Dataset content START

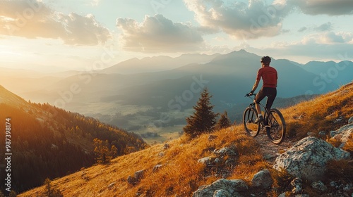 Fototapeta premium Cyclist taking a break on a mountain trail, with ample space in the scenic...
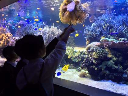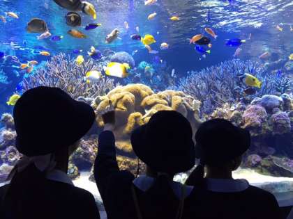 きれいな魚がたくさんいます。みんな興味津々で水槽を覗き込んでいます。
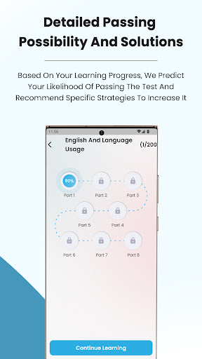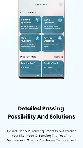 • 조롱 테스트 : 다양한 전체 테스트를 통해 테스트 형식에 익숙해 지도록 할 수 있습니다.테스트를 마치면 점수를보고 모든 질문을 검토합니다.
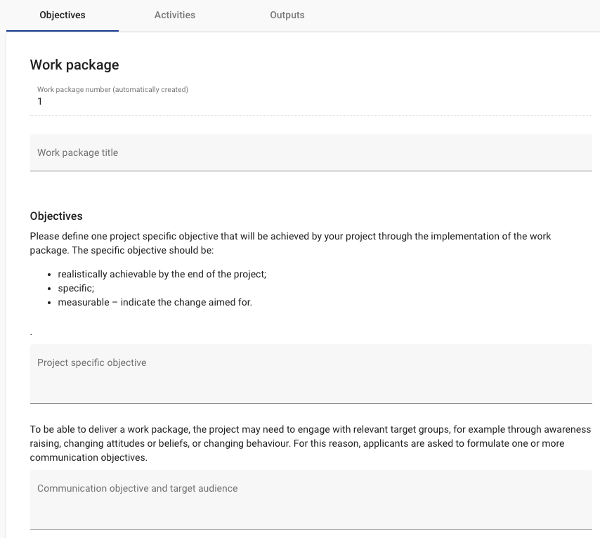 Preparatory projects only have one work package. They do not have project specific objectives and are usually not expected to develop outputs and results.
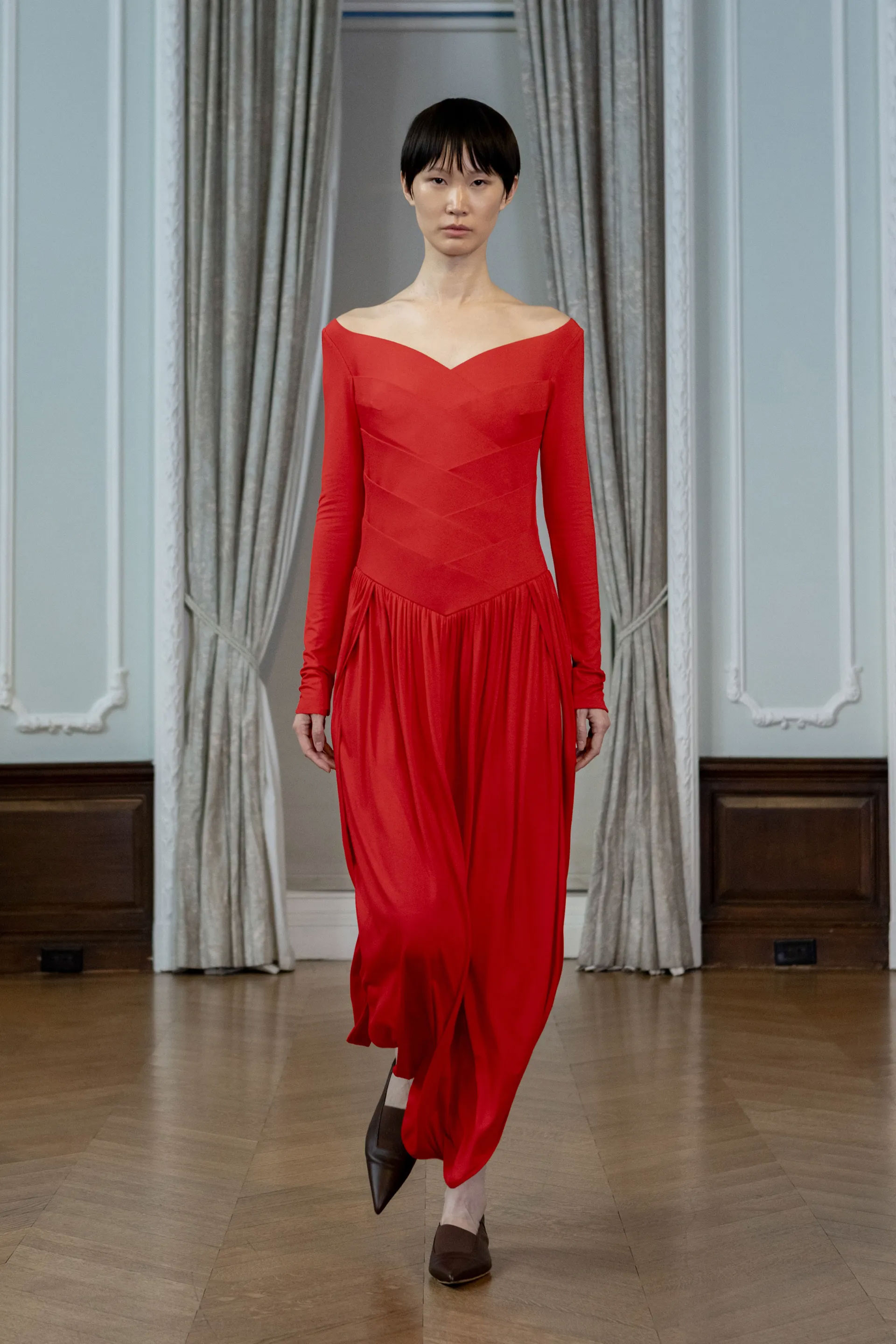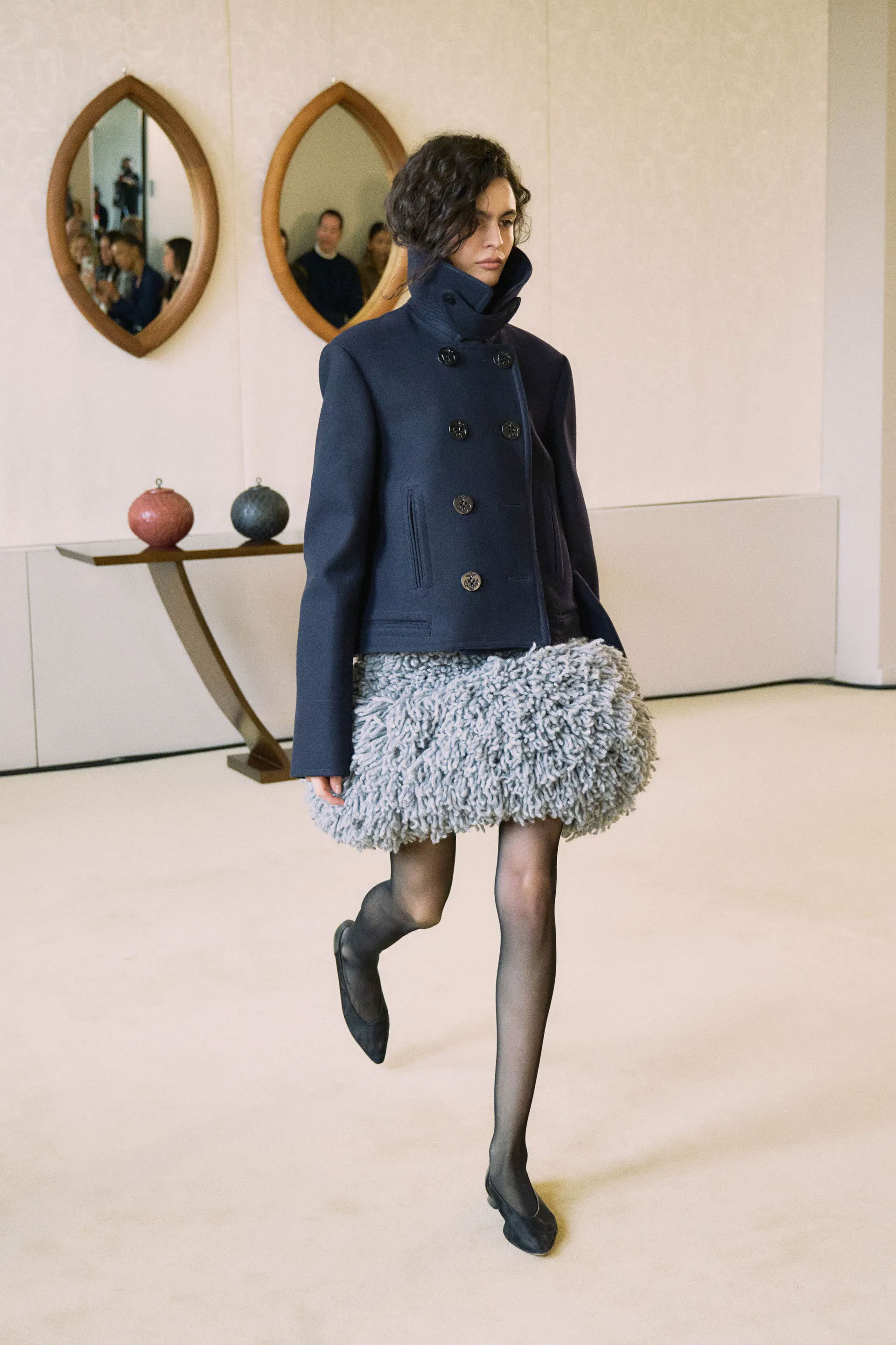 У новому сезоні Altuzarra повернулися до витоків інтимних шоу, відмовившись від яскравої сценографії. Колекція fall-winter — 2025 стала дослідженням одягу та його варіативністю, а не тематичною присвятою з глибоким підтекстом. Жіночна чарівність втілилася на подіумі у вишуканих пальтах-накидках, які активно з’являються на шоу цього сезону, шерстяних і класичних жакетах, шубах з хутра та пряжі, вечірніх сукнях з шифону та атласу.

Dataset content END

◆ **Task prompt**
Please give the data again in full, exactly as written, but without any images.

◆ **Solution to this task**
 Fototapeta premium Cyclist taking a break on a mountain trail, with ample space in the scenic...
 きれいな魚がたくさんいます。みんな興味津々で水槽を覗き込んでいます。
 • 조롱 테스트 : 다양한 전체 테스트를 통해 테스트 형식에 익숙해 지도록 할 수 있습니다.테스트를 마치면 점수를보고 모든 질문을 검토합니다.
 Preparatory projects only have one work package. They do not have project specific objectives and are usually not expected to develop outputs and results.
 У новому сезоні Altuzarra повернулися до витоків інтимних шоу, відмовившись від яскравої сценографії. Колекція fall-winter — 2025 стала дослідженням одягу та його варіативністю, а не тематичною присвятою з глибоким підтекстом. Жіночна чарівність втілилася на подіумі у вишуканих пальтах-накидках, які активно з’являються на шоу цього сезону, шерстяних і класичних жакетах, шубах з хутра та пряжі, вечірніх сукнях з шифону та атласу.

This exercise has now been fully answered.